The actual table size is tiny since the values are 0-7 or so (on second thought I would handle 0x00 in code and not as an extra table value). A 16-way table would fit into 32 bits.

Another (long known) method I’ve used in C is simply to convert to float and mask/shift the exponent to get the high bit. I’m not sure how far you’re willing to go with this (SSE?), but hacky solutions are many.
Daniel Lemire says:

December 23, 2013 at 4:19 pm

@KWillets

Can you spell out your approach again for me? I just don’t understand what you have in mind. Note that we work with 64-bit words. I suppose you can take your 64-bit words and iterate over them as 8 x 8-bit words but I fear this will introduce quite a bit of expensive branching.

If you have a look at my code (see https://github.com/lemire/Code-used-on-Daniel-Lemire-s-blog/tree/master/2013/12/23), you will find a table-based approach that was reported to be faster than the bitCount approach but, at least on my core i7, it is slower. It is a tiny table and the only catch is a 64-bit multiplication. Even so, it is slower than calling bitCount.

The smarter our processors get, the less memoization is useful. You are often better off computing cheap things from scratch rather than look them up… at least as long as there is no expensive branching involved.
KWillets says:

December 23, 2013 at 7:07 pm

This is the 4-bit-suffix version in C. The basic idea is to lookup the rightmost 4 bits in a table for the location of the least significant bit, then shift past it and iterate. At lower densities it will definitely suffer.

Also, forgot crucial variable in my earlier sketch :(.

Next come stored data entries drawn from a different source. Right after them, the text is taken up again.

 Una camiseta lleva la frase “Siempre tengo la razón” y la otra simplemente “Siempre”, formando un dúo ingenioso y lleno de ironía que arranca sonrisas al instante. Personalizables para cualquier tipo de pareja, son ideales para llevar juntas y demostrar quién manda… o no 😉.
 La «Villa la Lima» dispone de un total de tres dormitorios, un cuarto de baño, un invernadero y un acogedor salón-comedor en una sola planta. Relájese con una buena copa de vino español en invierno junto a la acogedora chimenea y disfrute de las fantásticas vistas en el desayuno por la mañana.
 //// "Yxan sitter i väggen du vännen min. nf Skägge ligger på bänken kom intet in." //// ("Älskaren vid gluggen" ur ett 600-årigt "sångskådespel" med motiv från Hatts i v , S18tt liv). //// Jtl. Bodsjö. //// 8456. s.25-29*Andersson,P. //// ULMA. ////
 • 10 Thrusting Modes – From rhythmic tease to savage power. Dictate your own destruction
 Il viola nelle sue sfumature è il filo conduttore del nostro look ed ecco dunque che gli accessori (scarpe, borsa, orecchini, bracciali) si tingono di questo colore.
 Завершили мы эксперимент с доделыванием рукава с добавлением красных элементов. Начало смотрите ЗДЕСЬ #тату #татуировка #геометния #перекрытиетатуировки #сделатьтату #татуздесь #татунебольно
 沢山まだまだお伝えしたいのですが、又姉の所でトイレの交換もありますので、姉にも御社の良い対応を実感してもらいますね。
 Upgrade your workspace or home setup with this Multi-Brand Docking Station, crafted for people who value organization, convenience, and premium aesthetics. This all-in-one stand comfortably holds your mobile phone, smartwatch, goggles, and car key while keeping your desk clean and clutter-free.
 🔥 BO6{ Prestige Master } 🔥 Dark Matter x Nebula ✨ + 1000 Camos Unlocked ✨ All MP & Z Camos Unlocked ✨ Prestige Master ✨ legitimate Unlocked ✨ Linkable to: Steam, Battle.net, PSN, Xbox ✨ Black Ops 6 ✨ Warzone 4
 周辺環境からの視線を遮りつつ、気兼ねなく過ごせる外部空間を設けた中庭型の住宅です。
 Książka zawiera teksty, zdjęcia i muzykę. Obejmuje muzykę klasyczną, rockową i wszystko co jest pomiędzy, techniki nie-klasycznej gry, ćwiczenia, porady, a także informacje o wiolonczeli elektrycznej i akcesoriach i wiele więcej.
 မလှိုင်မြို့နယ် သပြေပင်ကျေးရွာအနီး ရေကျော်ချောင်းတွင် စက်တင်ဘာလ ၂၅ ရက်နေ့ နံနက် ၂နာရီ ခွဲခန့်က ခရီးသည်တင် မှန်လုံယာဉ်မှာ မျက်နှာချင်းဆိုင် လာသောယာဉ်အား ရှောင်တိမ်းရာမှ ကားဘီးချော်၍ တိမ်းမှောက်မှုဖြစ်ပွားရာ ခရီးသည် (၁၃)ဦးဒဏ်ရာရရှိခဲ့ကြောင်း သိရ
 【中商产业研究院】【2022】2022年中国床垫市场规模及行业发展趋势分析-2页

void bits( int v, int *out, int *nout) {

// lowest-order 1 positions: 16-values, 2 bits each
int lsbs = (0<<0) + (0<<2) + (1<<4) + (0<<6) + (2<<8) + (0<<10) + (1<<12) + (0<<14)
+ (3<<16) + (0<<18) + (1<<20) + (0<<22) + (2<<24) + (0<<26) + (1<<28) + (0<<30)
;

int shift = 0;

while(v) {
int mask = v & 15;
int lsb;
if( mask ) {
lsb = (lsbs>>( mask<<1 )) & 3;
out[*nout] = shift + lsb;
*nout += 1;
}
else
lsb = 3;

v >>= (lsb + 1);
shift += (lsb + 1);
}

}
Leonid Boytsov says:

December 26, 2013 at 10:42 pm

I totally agree with Daniel. In fact, reading even from L1 takes a couple of CPU cycles. At the same time, you can probably execute a couple of bit-counting intrinsics in a single CPU cycle.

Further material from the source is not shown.